Ты услышала на лестнице его шаги. К тому времени ты уже забыла о его существовании, забыла, как разговаривают, забыла, как просят. Одежда твоя была в пятнах, тело немытым.
Он вошел и увидел тебя при свете множества стеариновых свечей. Что он собирался сказать, ты так никогда и не узнала.
От удивления он раскрыл рот, а потом обошел кругом коронованных существ и осмотрел их, осмотрел со всех сторон. Затем он снова посмотрел на тебя, и в его взгляде было то самое испытующее выражение. Словно он смотрел на чужую собаку, не зная, чего от нее ждать. Или на старенькие мостки, переброшенные через черный сверкающий поток.

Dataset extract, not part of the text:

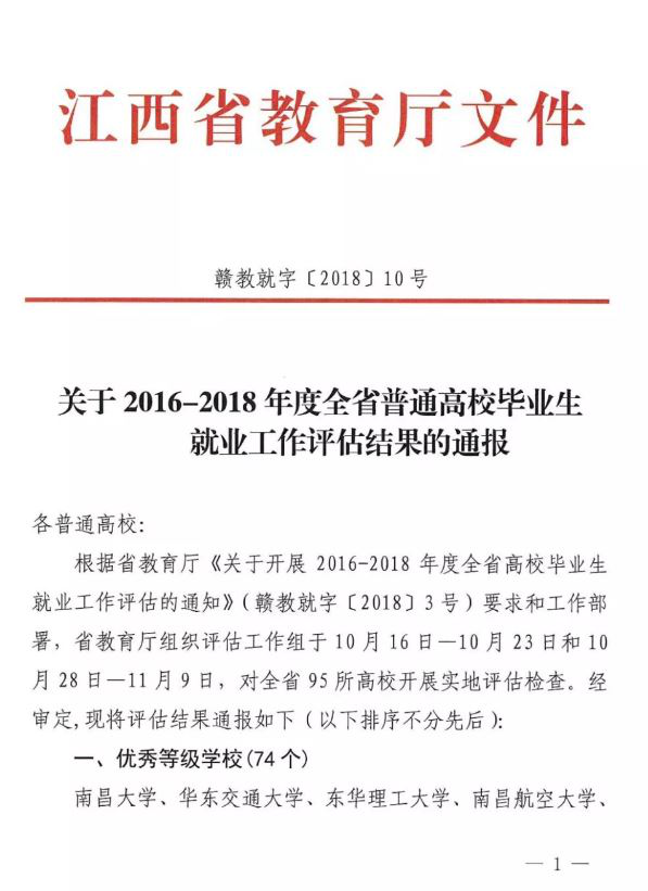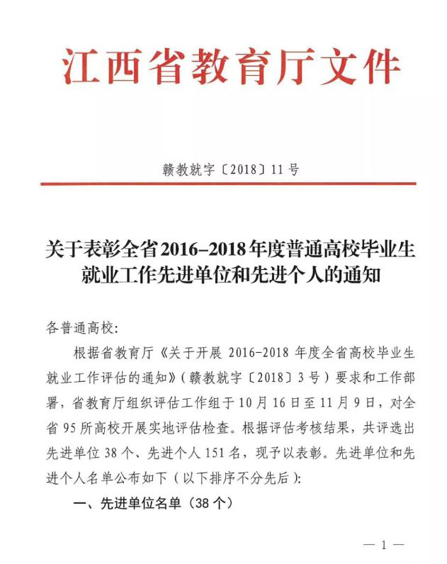近日,从江西省教育厅《关于2016-2018年度全省普通高校毕业生就业工作评估结果的通报》(赣教就字[2018]10号)、《关于表彰全省2016-2018年度普通高校毕业生就业工作先进单位和先进个人的通知》(赣教就字[2018]11号)中获悉,beat365在江西省2016-2018年度普通高校毕业生就业工作评估中被评为“优秀等级学校”,并荣获“就业工作先进单位”称号,这也标志着beat365连续15年获此殊荣。

Или на лесную прогалину с высокой травой, из которой, сквозь шелест ветра, доносится шипящее предвкушение жаркого дня.
— У тебя золото на щеке, — сказал он.
После этого все изменилось; он стал таким, каким был много лет назад, когда вы только встретились. Он желал тебя. И тебе это нравилось. Ты ничего не говорила, только смех охватывал тебя, он начинался у ступней и поднимался кверху.
Был вечер. Вы спустились в твою спальню. Он все время повторял: «Что мы делаем? Что мы делаем?» И в его глазу удивительно отражался свет. Как будто это ты придумала этот глаз, создала его своим воображением, как будто ты нарисовала в нем солнце.
Ты обнимала его тело так, как будто лепила его, как будто оно рождалось в твоих руках. Такими теперь были твои руки, и он забывал себя от наслаждения. Ты сама наслаждалась так, как никогда прежде, но вместе с тем делала это как бы мимоходом — так, как если бы тебе в пути повстречалось что-то красивое и ты с детским любопытством исследовала его, прежде чем отправиться дальше.
Потом, когда он заснул, перепачканный цементом и краской, ты встала с кровати.
Ты слышала его спокойное, удовлетворенное дыхание и сама радовалась тому, что произошло. Но это не успокаивало тебя так, как прежде. Не стало ничего, о чем бы тебе можно было думать и засыпать с надеждой.
Теперь-то я знаю, что произошло с тобой, в чем твоя болезнь: стало невозможно утешить тебя, убаюкать твой непокой.
Ты смотришь в окно: там только черная, как смоль, темнота и шелест леса, но ты знаешь, что там — целый мир: все сверкающие города, все морские глубины и живые существа — пространство, кишащее настоящим и прошедшим, существующим в реальности и в воображении.
«Пусть все и вся придет ко мне», — просишь ты. Ты просишь для себя всего Творения, Творения во всех его обликах готова ты просить себе в своей ненасытности: «Я хочу повелевать, хочу, чтобы ничто не миновало меня, совершая свой путь».
И когда ты смотришь в ночь, ты чувствуешь, что стоишь на носу корабля, и отчетливо слышишь, что корабль этот — время, человеческое время, которое невозмутимо держит курс через темноту, сердце твое колотится от беспомощности, от ненасытного голода.
И что бы ни случилось, ты должна сохранить в себе этот голод.